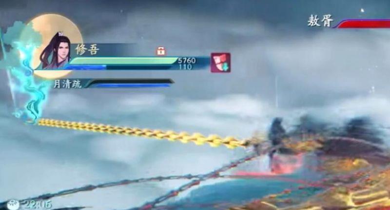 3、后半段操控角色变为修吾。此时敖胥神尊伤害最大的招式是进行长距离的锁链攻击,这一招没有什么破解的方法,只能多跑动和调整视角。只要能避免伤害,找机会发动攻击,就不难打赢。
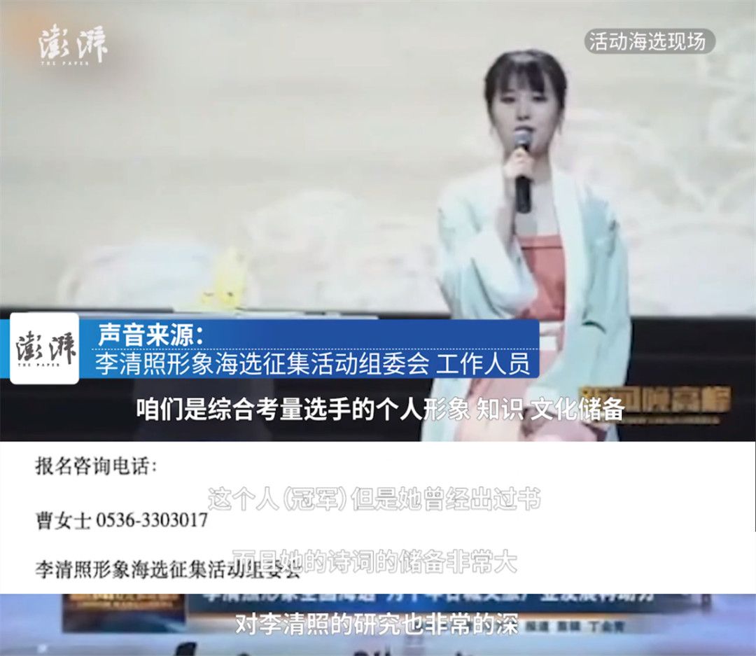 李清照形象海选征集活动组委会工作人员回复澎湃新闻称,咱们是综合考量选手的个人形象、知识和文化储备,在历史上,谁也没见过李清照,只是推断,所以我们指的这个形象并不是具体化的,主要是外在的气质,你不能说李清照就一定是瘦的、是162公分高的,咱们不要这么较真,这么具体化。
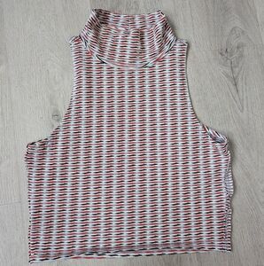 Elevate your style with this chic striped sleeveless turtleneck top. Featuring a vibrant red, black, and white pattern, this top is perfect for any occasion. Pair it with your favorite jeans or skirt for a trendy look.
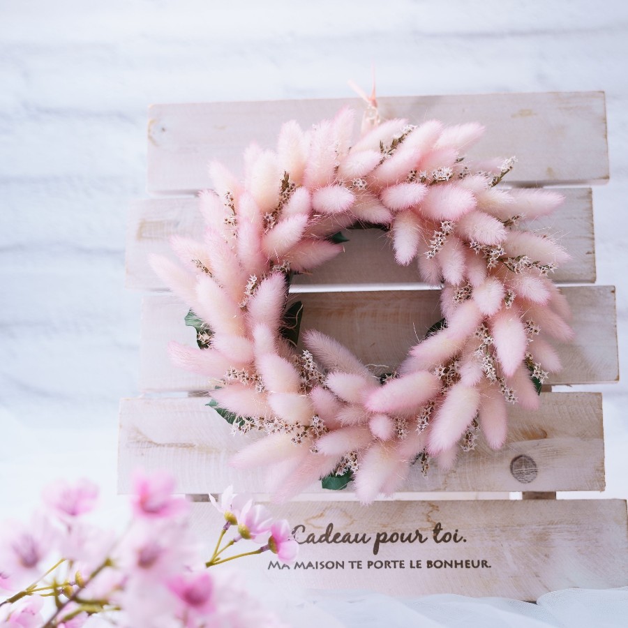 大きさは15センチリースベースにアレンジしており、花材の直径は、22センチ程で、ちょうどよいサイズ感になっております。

----------

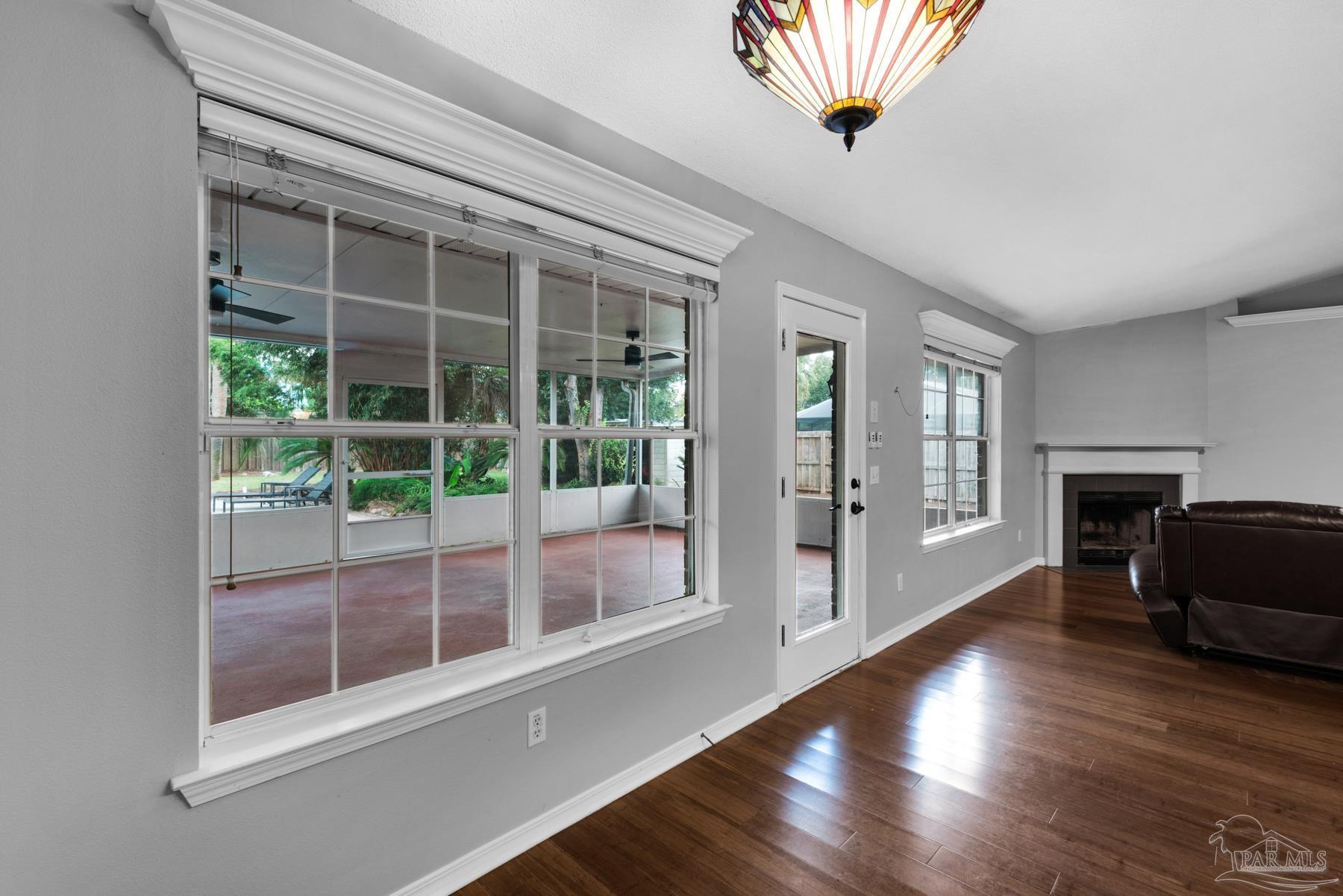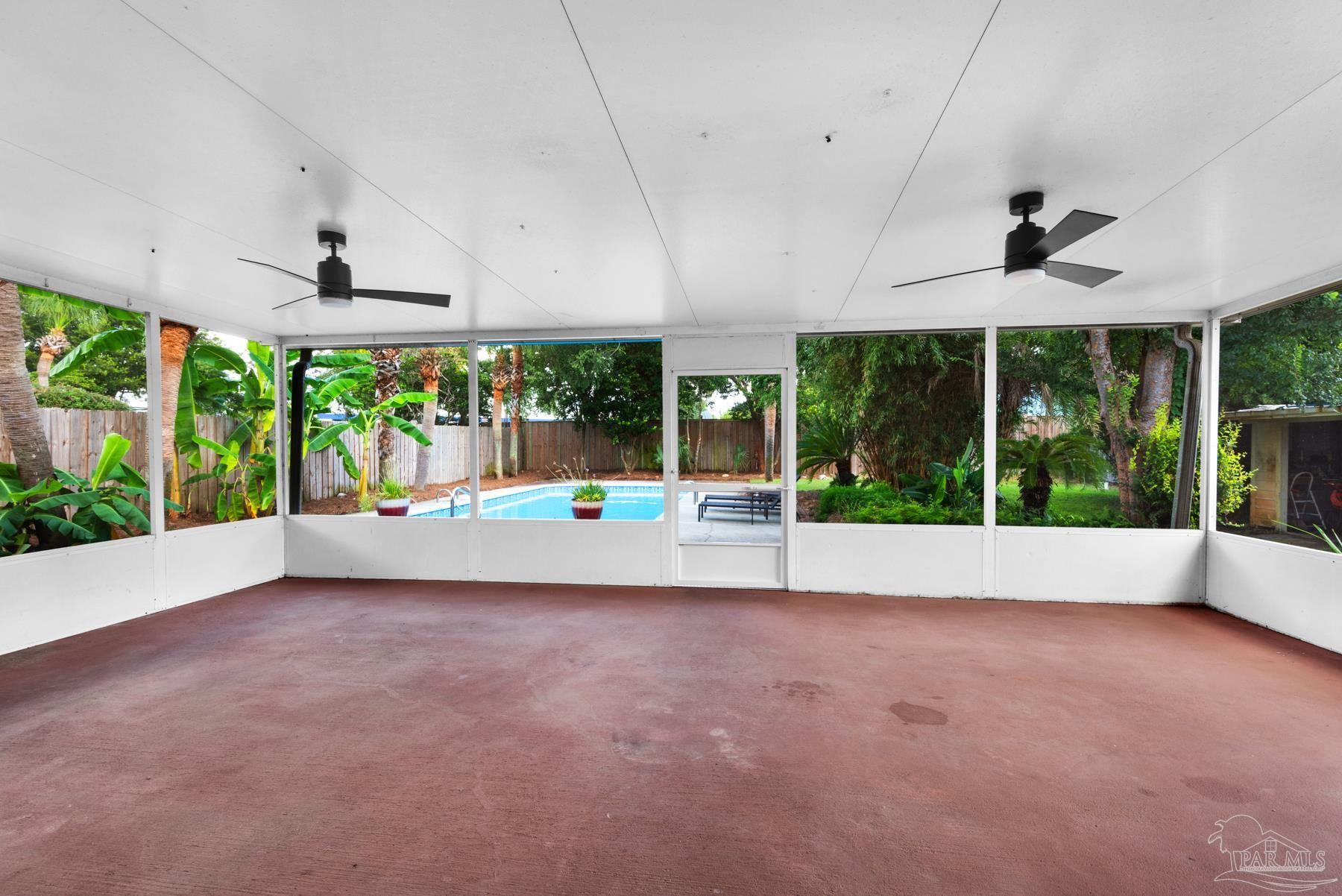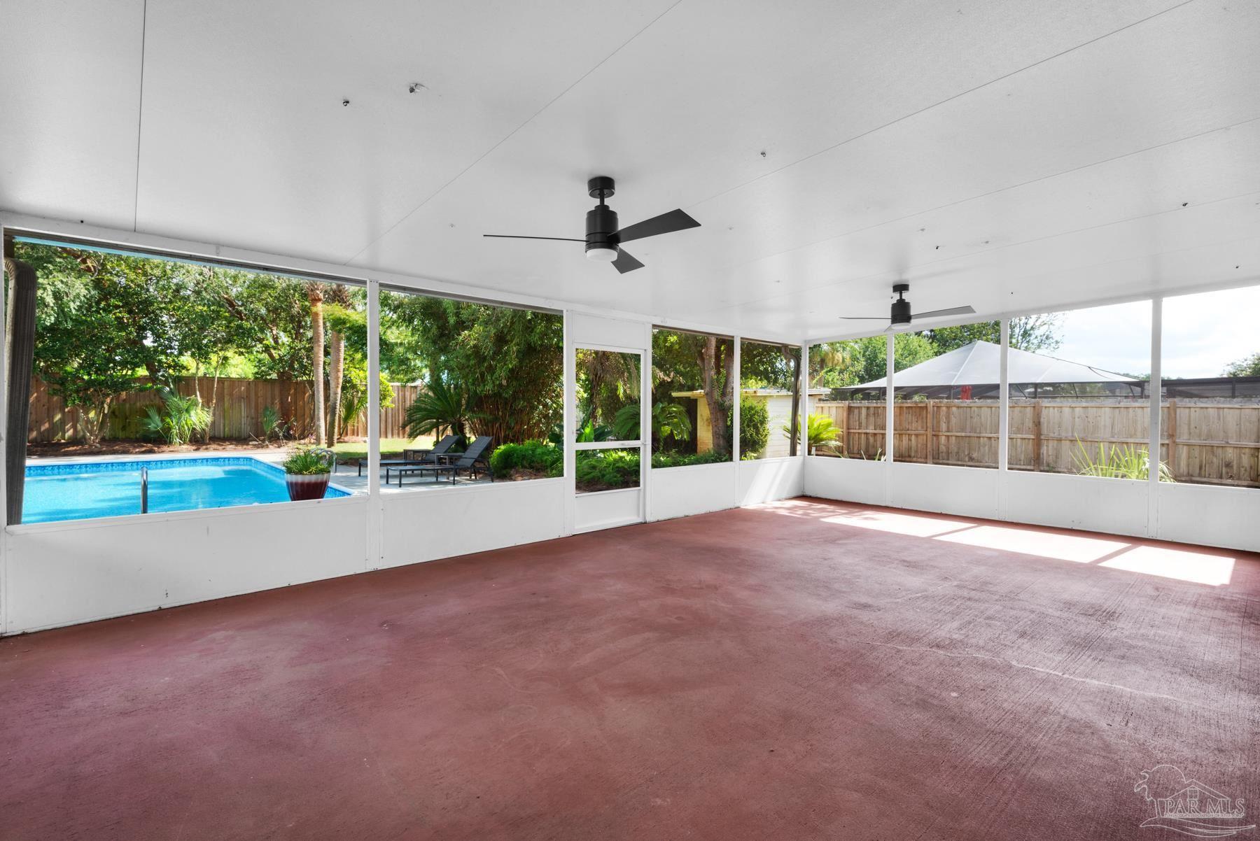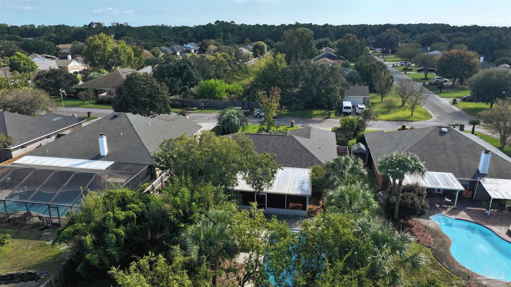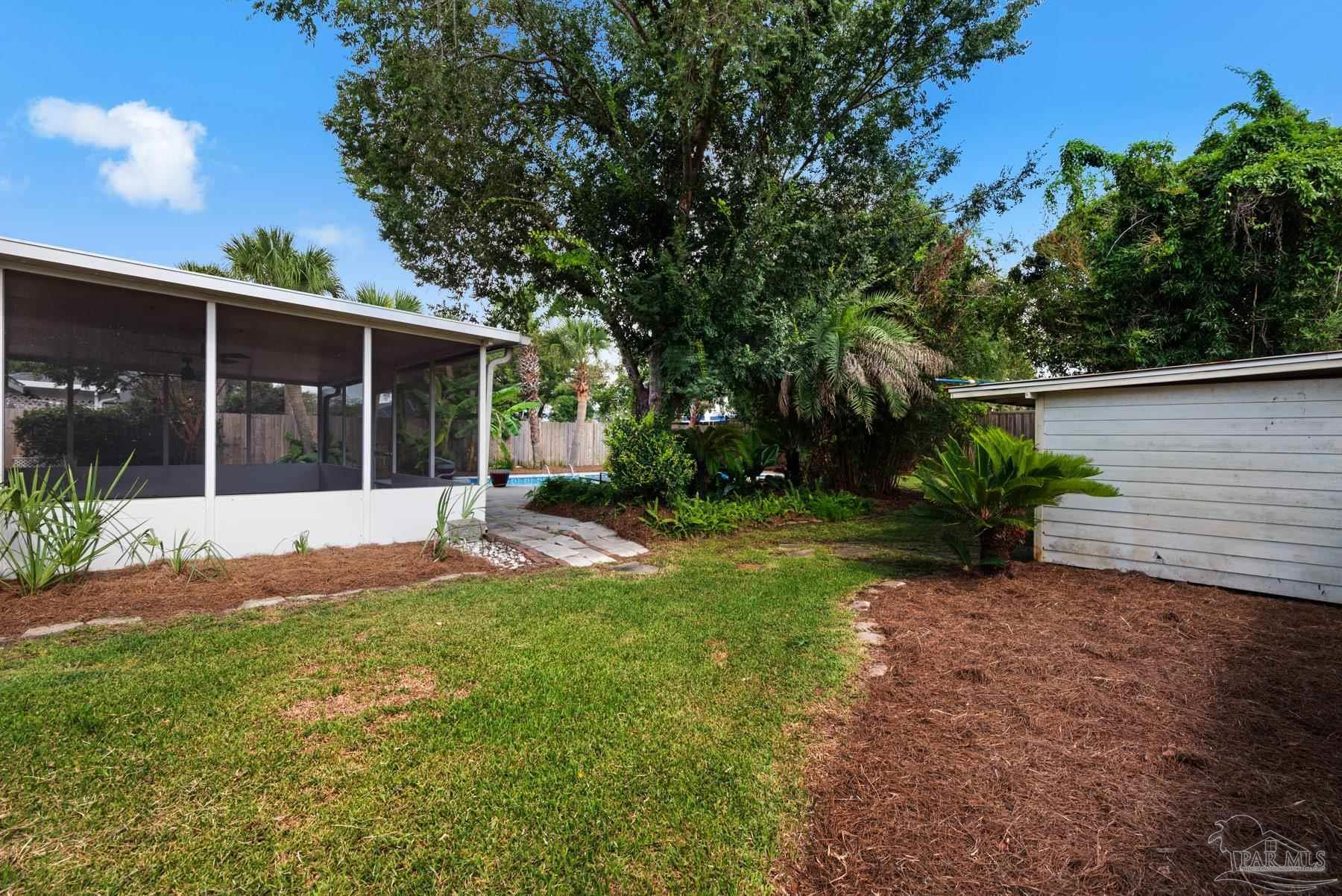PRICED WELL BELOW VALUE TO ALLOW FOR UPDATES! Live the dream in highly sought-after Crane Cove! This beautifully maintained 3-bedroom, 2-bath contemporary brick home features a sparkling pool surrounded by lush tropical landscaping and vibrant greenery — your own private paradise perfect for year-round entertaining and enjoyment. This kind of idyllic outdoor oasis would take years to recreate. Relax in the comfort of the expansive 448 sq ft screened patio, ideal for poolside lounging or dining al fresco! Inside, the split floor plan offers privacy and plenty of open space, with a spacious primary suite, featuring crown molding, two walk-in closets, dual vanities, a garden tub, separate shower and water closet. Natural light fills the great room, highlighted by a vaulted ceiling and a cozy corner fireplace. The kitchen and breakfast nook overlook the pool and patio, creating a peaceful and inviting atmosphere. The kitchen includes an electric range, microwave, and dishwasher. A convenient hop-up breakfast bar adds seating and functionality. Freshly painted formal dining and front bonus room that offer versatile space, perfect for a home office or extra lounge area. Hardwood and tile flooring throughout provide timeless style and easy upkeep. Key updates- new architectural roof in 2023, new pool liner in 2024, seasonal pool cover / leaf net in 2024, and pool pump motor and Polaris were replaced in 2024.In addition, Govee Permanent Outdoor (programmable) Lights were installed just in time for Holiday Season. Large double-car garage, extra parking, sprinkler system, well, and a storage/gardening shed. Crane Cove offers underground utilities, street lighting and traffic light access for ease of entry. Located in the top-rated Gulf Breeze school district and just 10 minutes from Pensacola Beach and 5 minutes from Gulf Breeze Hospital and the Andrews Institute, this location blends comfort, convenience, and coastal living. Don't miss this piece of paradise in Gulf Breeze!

----------

WHAT YOU ARE ASKED TO DO
With the pictures removed from your copy, retype the lines above from the one that contains "Elevate your style" through the one that contains "大きさは15センチリースベー", exactly.

WRITTEN ANSWER
 Elevate your style with this chic striped sleeveless turtleneck top. Featuring a vibrant red, black, and white pattern, this top is perfect for any occasion. Pair it with your favorite jeans or skirt for a trendy look.
 大きさは15センチリースベースにアレンジしており、花材の直径は、22センチ程で、ちょうどよいサイズ感になっております。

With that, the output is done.